# Setup

After creating a project, users may want to install basic libraries that are required and source required datasets for preliminary analysis.

Users can choose the type of runtime with suitable programming kernel and editor. Most commonly used programming language is Python. Academic data scientists also prefer to use R as it has better implementations of algorithms and mathematical funtions.
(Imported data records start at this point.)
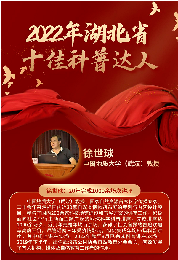 徐世球教授曾被评为全国科技报最美基层科普带头人、湖北省科普工作先进工作者、湖北70年优秀科普人物、武汉市十佳科技志愿者、2022年度武汉“最美科技工作者”等,主编的《科学解读世界末日》《地球趣话》《探索地球演化奥秘科普系列丛书》被评为湖北省优秀科普作品。(编辑 孙彦钦 审稿 陈华文)
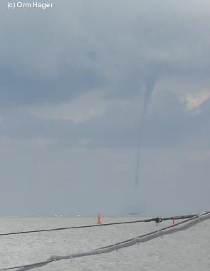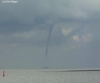 En el dia 10. de julio 2007 vimos alrededor de la una de la tarde un tornado frente a la isla de Norderney. El tornado empezo en mar abierta, y mas bien modesto.
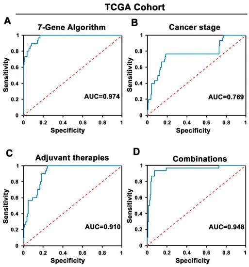 Receiver operating characteristic (ROC) curves of the 7-Gene Algorithm and the clinical indicators for assessment of the performance accuracy in stratification of responder and non-responder group in the TCGA Progression Cohort. (A) ROC curves of the 7-Gene Algorithm. (B) Cancer stage. (C) Adjuvant therapies. (D) The 7-Gene Algorithm in combination with all the above-mentioned clinical indicators. AUC values are shown.

Here we choose Python as the language kernel and editor that supports Jupyter notebook.

## Environment setup

Environment setup requires users to know existing setup and additional steps required to configure further packages required. In case of out-of-box runtimes, they have pre-installed packages. To find list of pre-installed packages, users can refer to [Cloudera documentation](https://docs.cloudera.com/machine-learning/cloud/runtimes-preinstalled-packages/topics/ml-runtimes-packaging.html). <br>

### Package install

If required packages are not pre-installed, users can install them either using jupyter magic commands or CML session terminal. We start by installing pandas and imblearn packages.

In [2]:
!pip install pandas

Collecting pandas
  Obtaining dependency information for pandas from https://files.pythonhosted.org/packages/9e/0d/91a9fd2c202f2b1d97a38ab591890f86480ecbb596cbc56d035f6f23fdcc/pandas-2.0.3-cp39-cp39-manylinux_2_17_x86_64.manylinux2014_x86_64.whl.metadata
  Downloading pandas-2.0.3-cp39-cp39-manylinux_2_17_x86_64.manylinux2014_x86_64.whl.metadata (18 kB)
Collecting tzdata>=2022.1 (from pandas)
  Downloading tzdata-2023.3-py2.py3-none-any.whl (341 kB)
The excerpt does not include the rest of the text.